» REQUIRED WORK:
Return the listing in full and exactly, but without a single picture.

☆ ☆ ☆ ☆

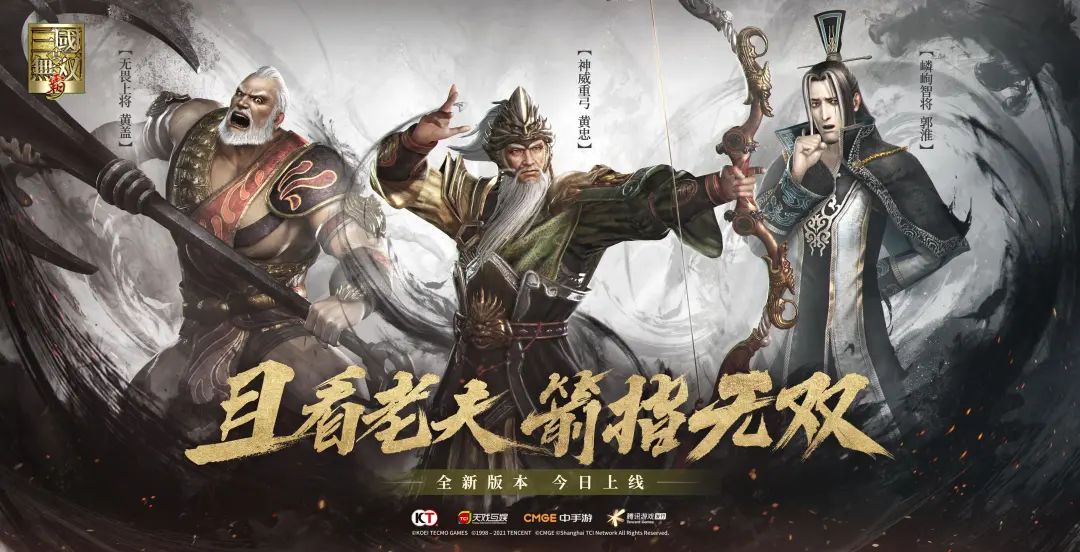 他们分别是双挽铁胎弓,射技非凡,胆气惊河北,威名镇蜀中的五虎上将黄忠,助力孙家子弟平定江东,使苦肉计在赤壁之战中勇猛果敢的江表虎臣黄盖,以及身为名门望族,却能亲自降夷拓边,破羌御蜀的魏晋名将郭淮。
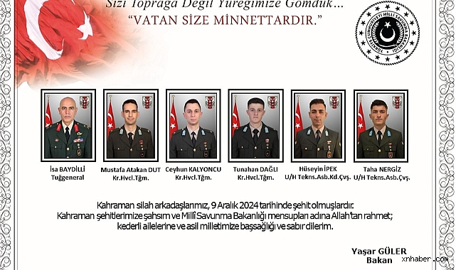 Milli Savunma Bakanı Yaşar Güler, Isparta'da eğitim uçuşu sırasında düşen askeri helikopterde şehit olan 6 asker için taziye mesajı yayımladı. Güler, "Kahraman silah arkadaşlarımız, 9 Aralık 2024 tarihinde şehit olmuştur. Kahraman şehitlerimize şahsım ve Milli Savunma Bakanlığı mensupları adına Allah'tan rahmet; kederli ailelerine ve asil milletimize başsağlığı ve sabır dilerim" dedi.
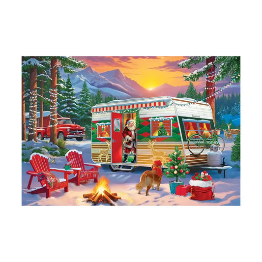 CHRISTMAS CAMPING TRAILER TIN PUZZLE
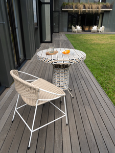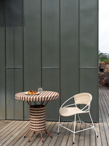 A woven bistro size dining table with powder coated steel frame. Handwoven by our talented artisans. Their knowledge, care and skills ensure that every D&D furniture piece is finished with exceptional quality.
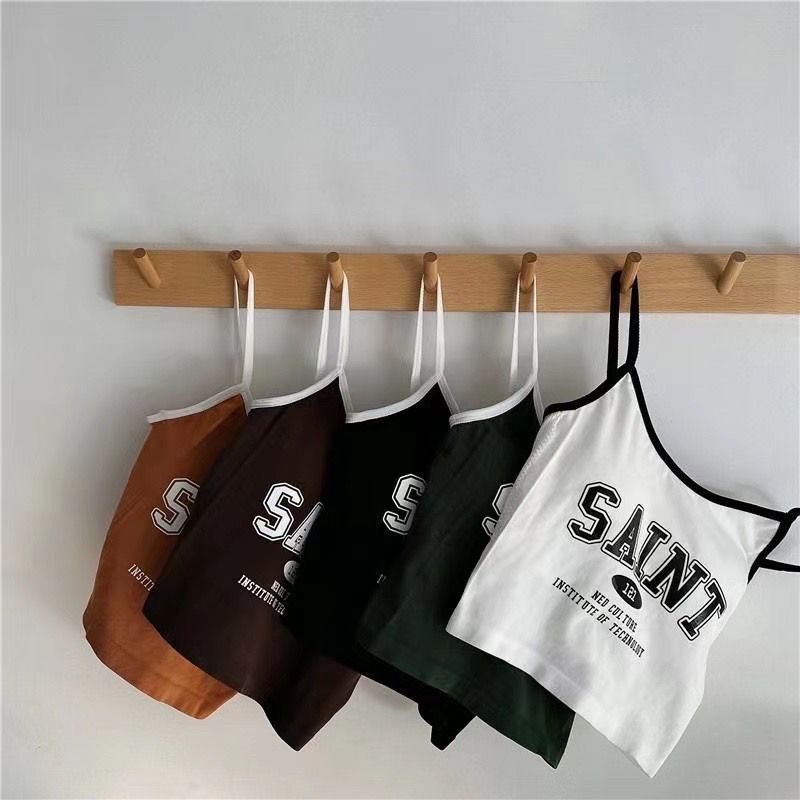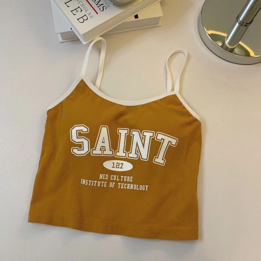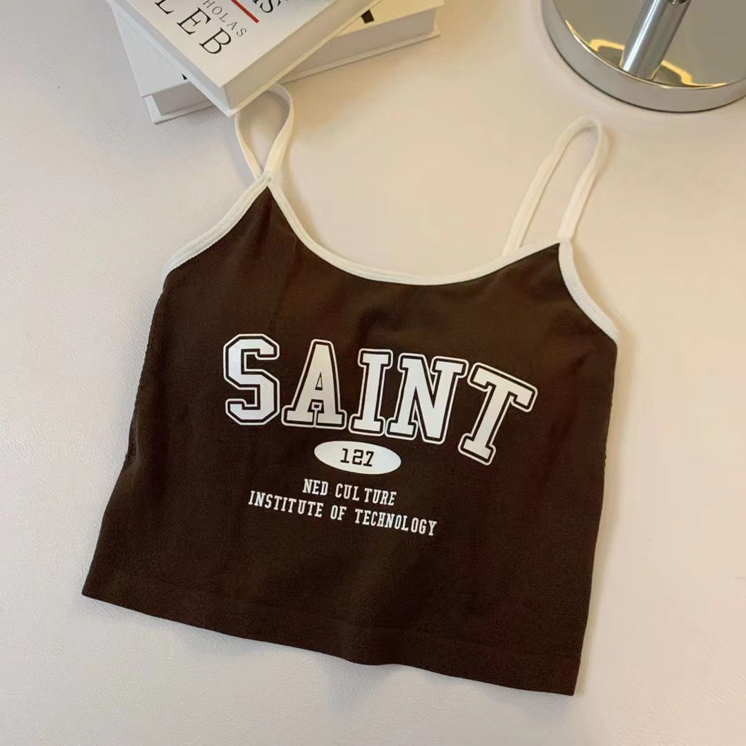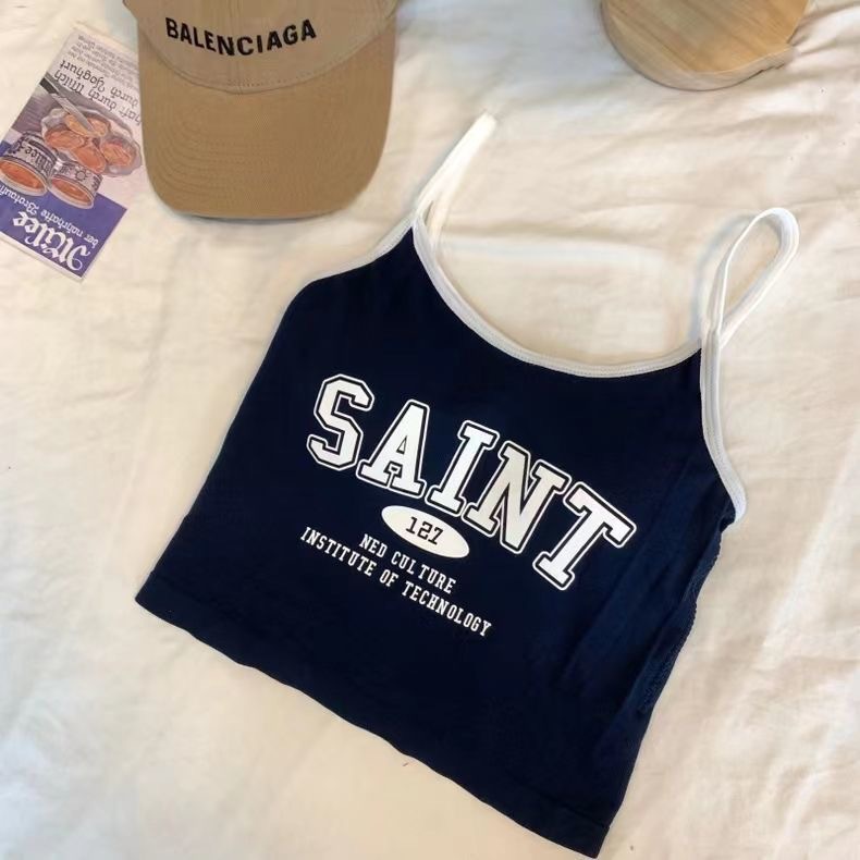 여름 틈새 새 편지 프린트 캐미솔 여성용 원피스 이너 웨어 뷰티 백 핫 소녀 바닥 쇼트 탑
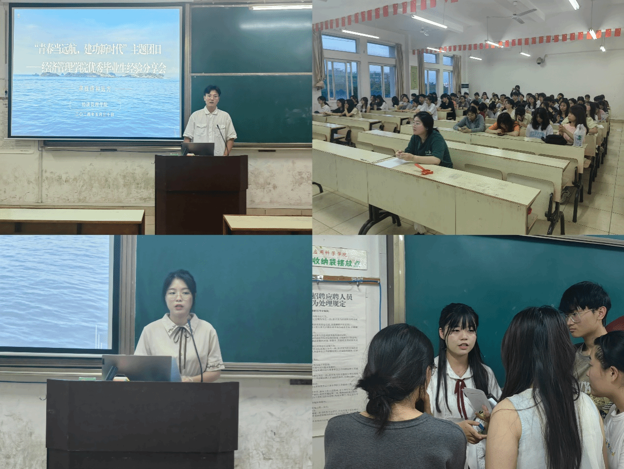 此次经验分享会共邀请了四名2020级毕业生,他们分别从不同角度讲述自己的经历。金融202班李俊霖分享他的学干经历,重点讲解如何平衡学习与工作的关系。工商201班钟颜讲述她凭借优异成绩和突出表现成功获得国家奖学金的经历。在考研方面,会计204班段雅钊结合自身经历,从考研动机、院校选择、备考过程等方面进行分享,并对现场同学提出的问题给予详细解答。她建议同学们要根据个人想法和实际情况选择考研院校,坚定个人方向,利用碎片化时间收集信息,提高学习效率。最后,会计204班游文娟分享了她的求职准备过程。
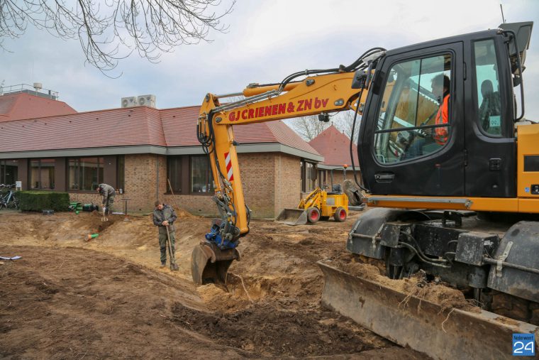 Maandag is gestart met de aanleg van een nieuwe klimaatbestendige groenvoorziening rond (een deel van) het gemeentehuis en het afkoppelen van het regenwater van de daken.
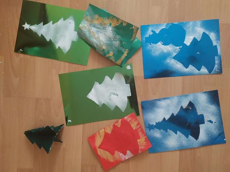 Kartki może nie są najpiękniejsze .Zdolności moje i moich dzieci są chyba na podobnym poziomie, wiec ciężko by nam było naciągnąć i oszukać w tym temacie 🙂 Wiec stawiamy na prostotę ,ich sprawność manualna będzie większa to i  kartki pewnie ładniejsze…
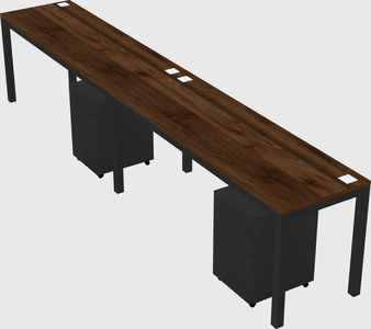 Columbia Walnut Rectangular Office Desk With Metal Mobile Drawers For 2 Persons
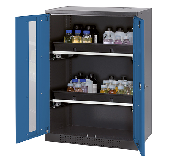 Skåpets färg Antracit grå (RAL 7016), med flygelörrar med glaspanel i gentiana blå (RAL 5010), inredning med 2 x utdragbar hylla (stålplåt/polypropen pulverlackerad)
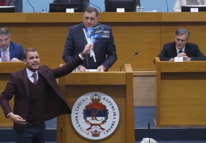 DRAŠKO STANIVUKOVIĆ SA NATO ZASTAVICAMA STAO ISPRED DODIKA U SKUPŠTINI: Svi pričaju o reakciji DODIKA (VIDEO)
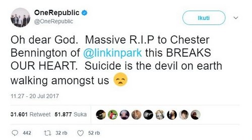 Grup musik Pop Rock Amerika, OneRepublic, sangat sangat sedih atas tindakan bunuh diri yang dilakukan Chester Bennington.

☆ ☆ ☆ ☆

» ANSWER AREA:
 他们分别是双挽铁胎弓,射技非凡,胆气惊河北,威名镇蜀中的五虎上将黄忠,助力孙家子弟平定江东,使苦肉计在赤壁之战中勇猛果敢的江表虎臣黄盖,以及身为名门望族,却能亲自降夷拓边,破羌御蜀的魏晋名将郭淮。
 Milli Savunma Bakanı Yaşar Güler, Isparta'da eğitim uçuşu sırasında düşen askeri helikopterde şehit olan 6 asker için taziye mesajı yayımladı. Güler, "Kahraman silah arkadaşlarımız, 9 Aralık 2024 tarihinde şehit olmuştur. Kahraman şehitlerimize şahsım ve Milli Savunma Bakanlığı mensupları adına Allah'tan rahmet; kederli ailelerine ve asil milletimize başsağlığı ve sabır dilerim" dedi.
 CHRISTMAS CAMPING TRAILER TIN PUZZLE
 A woven bistro size dining table with powder coated steel frame. Handwoven by our talented artisans. Their knowledge, care and skills ensure that every D&D furniture piece is finished with exceptional quality.
 여름 틈새 새 편지 프린트 캐미솔 여성용 원피스 이너 웨어 뷰티 백 핫 소녀 바닥 쇼트 탑
 此次经验分享会共邀请了四名2020级毕业生,他们分别从不同角度讲述自己的经历。金融202班李俊霖分享他的学干经历,重点讲解如何平衡学习与工作的关系。工商201班钟颜讲述她凭借优异成绩和突出表现成功获得国家奖学金的经历。在考研方面,会计204班段雅钊结合自身经历,从考研动机、院校选择、备考过程等方面进行分享,并对现场同学提出的问题给予详细解答。她建议同学们要根据个人想法和实际情况选择考研院校,坚定个人方向,利用碎片化时间收集信息,提高学习效率。最后,会计204班游文娟分享了她的求职准备过程。
 Maandag is gestart met de aanleg van een nieuwe klimaatbestendige groenvoorziening rond (een deel van) het gemeentehuis en het afkoppelen van het regenwater van de daken.
 Kartki może nie są najpiękniejsze .Zdolności moje i moich dzieci są chyba na podobnym poziomie, wiec ciężko by nam było naciągnąć i oszukać w tym temacie 🙂 Wiec stawiamy na prostotę ,ich sprawność manualna będzie większa to i  kartki pewnie ładniejsze…
 Columbia Walnut Rectangular Office Desk With Metal Mobile Drawers For 2 Persons
 Skåpets färg Antracit grå (RAL 7016), med flygelörrar med glaspanel i gentiana blå (RAL 5010), inredning med 2 x utdragbar hylla (stålplåt/polypropen pulverlackerad)
 DRAŠKO STANIVUKOVIĆ SA NATO ZASTAVICAMA STAO ISPRED DODIKA U SKUPŠTINI: Svi pričaju o reakciji DODIKA (VIDEO)
 Grup musik Pop Rock Amerika, OneRepublic, sangat sangat sedih atas tindakan bunuh diri yang dilakukan Chester Bennington.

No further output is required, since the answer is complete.